Sunday, September 27, 2009
SEVEN POEMS BY ASAD CHOWDHURY
And, then, rushed in,
the dream of correction and compensation,
with pomp and splendour.
No stir of consent, though, in creepers of unknown trees –
Thank God, a pale moon rose,
A pleasant, refreshing slice of moon,
Calling up the forest into view.
– Translated by Masud Mahmood
Perspiring
Cursing my enemies, I say,
The past was vast and long in size,
The future a bit lank by comparison,
Slightly pale, and smaller in bulk as well.

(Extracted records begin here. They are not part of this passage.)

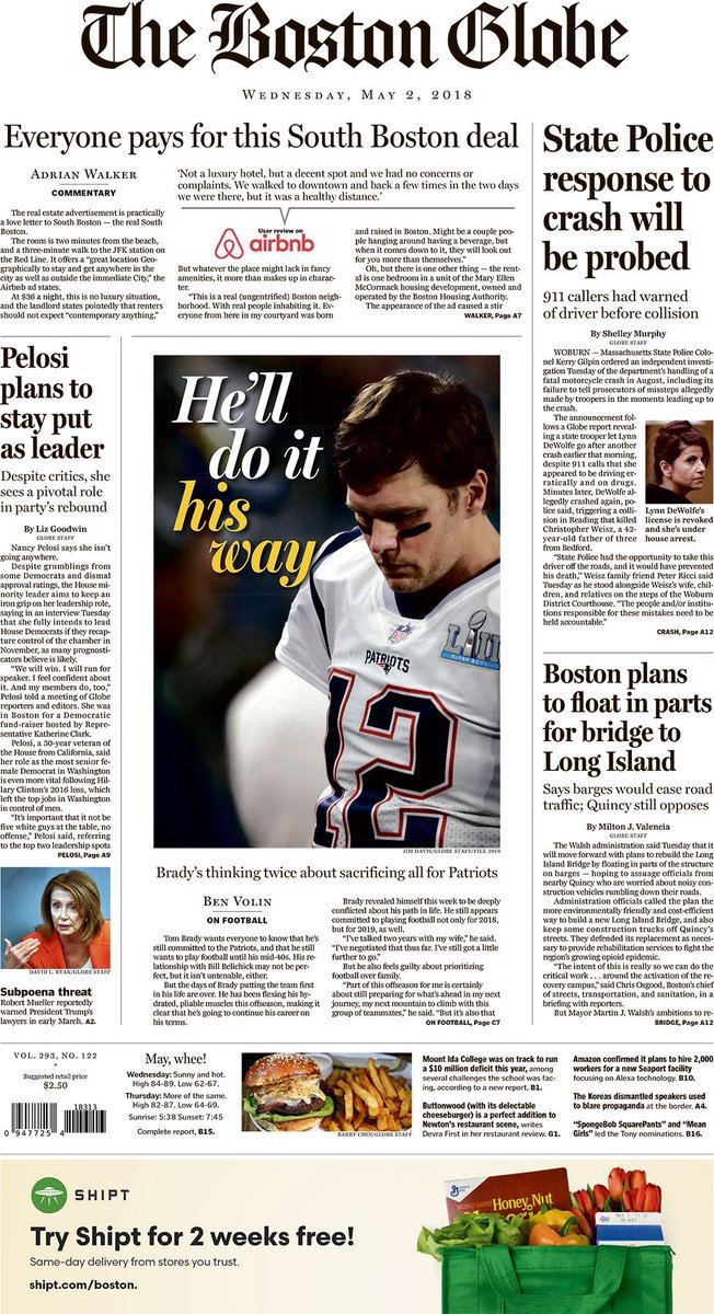 Today's Paper: State Police response to crash will be probed, Brady's thinking twice about sacrificing all for Patriots, Pelosi plans to stay put as leader, more. http://bos.gl/laHo1qQ pic.twitter.com/cA07yQVmQw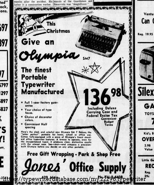 RESEARCH NOTE: When researching the Olympia SM7 on a computer with lots of screen real estate, you may find that launching the Olympia Serial Number page and the Olympia SM7 By Model/Year/Serial page in new browser windows can give you interesting perspectives on changes throughout the model series.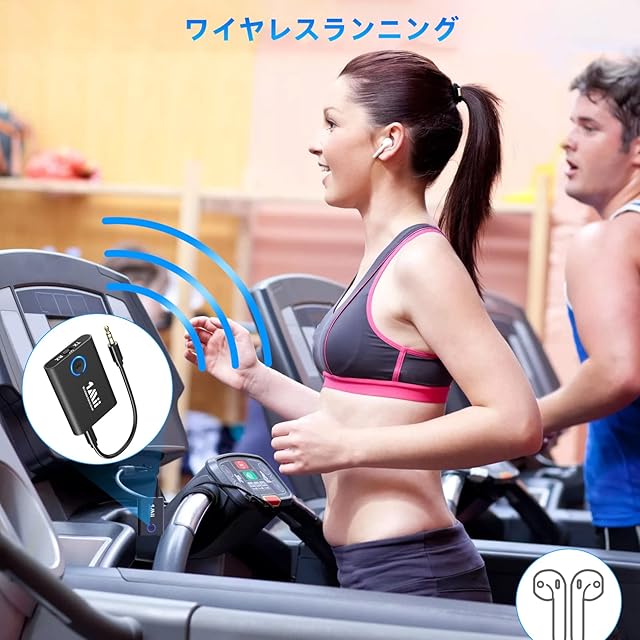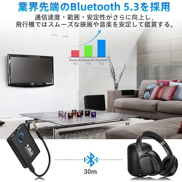 商品名:1Mii Bluetooth トランスミッター テレビ ブルートゥース レシーバー オーディオ 送信機 BT 5.3 受信機 一台二役 2台同時接続 aptX Adaptive/aptX LL 低遅延/aptX HD/AAC AUX イヤホンジャック 3.5mm 対応、 車 車載 TV/PC/スピーカー/ホーム/飛行機/ボート/ジム用、充電しながら使用可 ML301 (ブラック)

The scope of work has shrunk,
A good reason for lazing around –
No matter how grey the nearer past,
The nearer it snuggles up in a wily way.
I've no desire for new stones,
Yet roaming peaks and caves and beaches goes on.
Just because I'm lucky, something comes along
In return for the old bouquet of flowers, though.
You'd hear the echo of the future
In life, in dream, in memory
Apathetic to judgement, patient and forgiving –
Yet, alas, your body sweats your mendicancy.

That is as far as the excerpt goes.